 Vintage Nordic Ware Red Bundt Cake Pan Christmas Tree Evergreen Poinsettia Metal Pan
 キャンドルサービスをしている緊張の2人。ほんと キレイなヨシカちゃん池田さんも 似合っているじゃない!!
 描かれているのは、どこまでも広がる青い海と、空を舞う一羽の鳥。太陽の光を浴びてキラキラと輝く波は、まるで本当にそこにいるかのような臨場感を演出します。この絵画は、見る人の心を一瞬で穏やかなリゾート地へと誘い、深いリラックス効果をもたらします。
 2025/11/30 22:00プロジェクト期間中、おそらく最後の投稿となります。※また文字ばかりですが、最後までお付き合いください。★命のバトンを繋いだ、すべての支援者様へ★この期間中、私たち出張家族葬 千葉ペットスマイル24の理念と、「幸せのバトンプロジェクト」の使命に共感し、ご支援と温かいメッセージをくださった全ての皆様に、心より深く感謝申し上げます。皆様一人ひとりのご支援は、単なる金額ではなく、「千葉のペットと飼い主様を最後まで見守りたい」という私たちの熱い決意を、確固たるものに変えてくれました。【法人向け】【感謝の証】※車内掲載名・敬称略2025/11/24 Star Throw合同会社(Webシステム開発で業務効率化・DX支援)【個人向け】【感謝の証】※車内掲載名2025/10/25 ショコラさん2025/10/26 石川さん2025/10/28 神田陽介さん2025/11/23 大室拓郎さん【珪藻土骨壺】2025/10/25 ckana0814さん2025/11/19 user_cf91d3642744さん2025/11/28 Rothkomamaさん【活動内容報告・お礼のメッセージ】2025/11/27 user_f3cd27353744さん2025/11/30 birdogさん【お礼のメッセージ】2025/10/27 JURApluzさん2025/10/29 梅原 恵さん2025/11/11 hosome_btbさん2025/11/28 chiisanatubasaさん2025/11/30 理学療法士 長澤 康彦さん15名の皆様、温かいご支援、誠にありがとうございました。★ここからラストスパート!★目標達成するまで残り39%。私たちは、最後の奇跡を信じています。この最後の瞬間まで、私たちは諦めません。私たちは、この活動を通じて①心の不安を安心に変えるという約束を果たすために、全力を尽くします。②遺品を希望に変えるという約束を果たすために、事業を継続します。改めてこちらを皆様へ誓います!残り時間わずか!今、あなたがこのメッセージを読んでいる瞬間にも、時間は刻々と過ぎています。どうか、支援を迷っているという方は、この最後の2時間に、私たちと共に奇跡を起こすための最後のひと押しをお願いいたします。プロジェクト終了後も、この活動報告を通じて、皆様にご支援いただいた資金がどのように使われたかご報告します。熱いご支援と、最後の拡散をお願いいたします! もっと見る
────────
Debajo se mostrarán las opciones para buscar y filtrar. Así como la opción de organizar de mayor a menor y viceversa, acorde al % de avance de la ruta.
────────
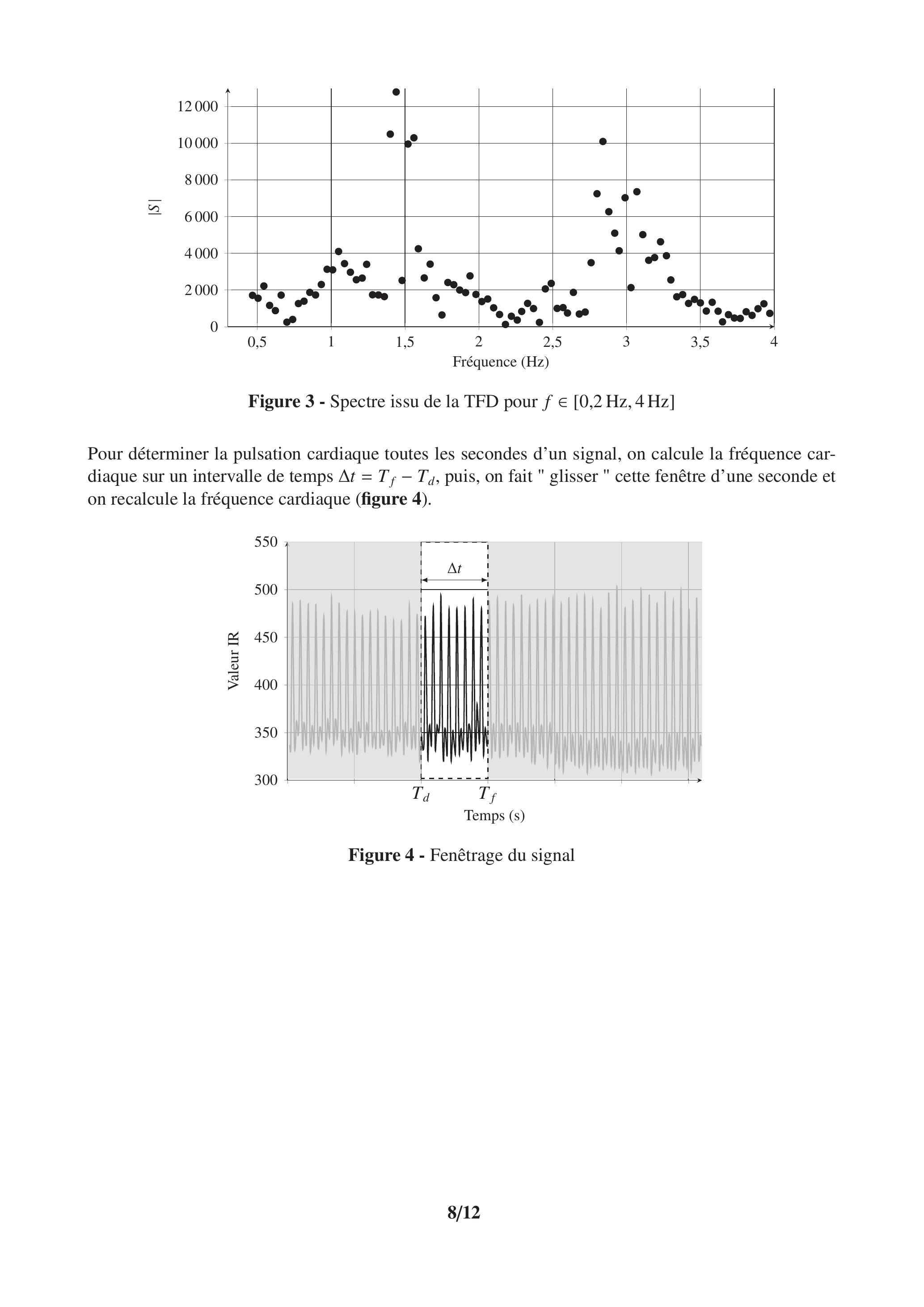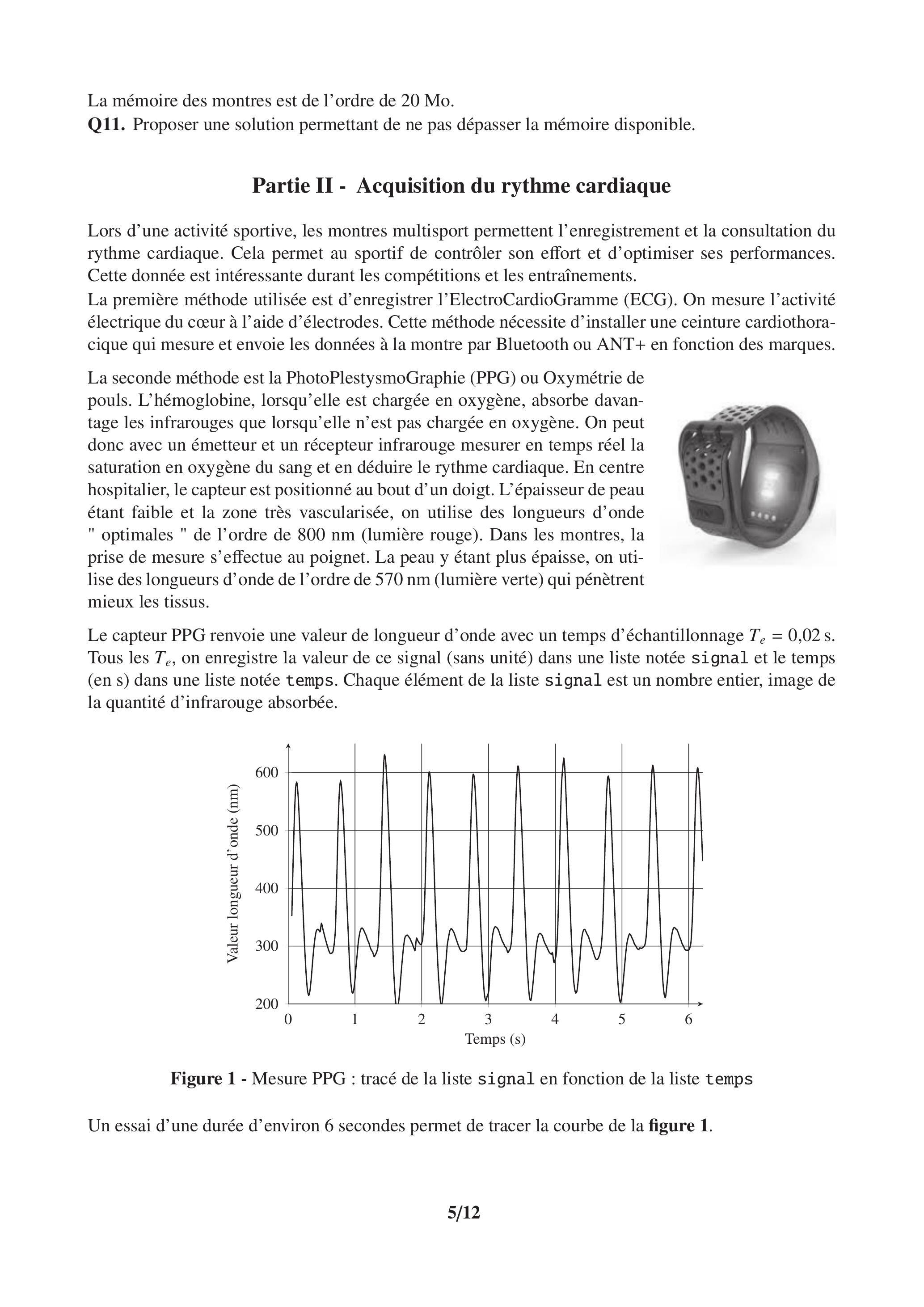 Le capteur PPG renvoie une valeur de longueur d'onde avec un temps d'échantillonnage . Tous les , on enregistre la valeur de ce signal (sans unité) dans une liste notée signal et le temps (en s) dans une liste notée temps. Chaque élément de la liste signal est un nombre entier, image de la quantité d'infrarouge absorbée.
────────
- TASK BRIEF:
Reproduce only the lines above, starting at the line with "Vintage Nordic Ware" and ending at the line with "描かれているのは、どこまでも", exactly as written.

- SOLUTION FOR THIS PROBLEM:
 Vintage Nordic Ware Red Bundt Cake Pan Christmas Tree Evergreen Poinsettia Metal Pan
 キャンドルサービスをしている緊張の2人。ほんと キレイなヨシカちゃん池田さんも 似合っているじゃない!!
 描かれているのは、どこまでも広がる青い海と、空を舞う一羽の鳥。太陽の光を浴びてキラキラと輝く波は、まるで本当にそこにいるかのような臨場感を演出します。この絵画は、見る人の心を一瞬で穏やかなリゾート地へと誘い、深いリラックス効果をもたらします。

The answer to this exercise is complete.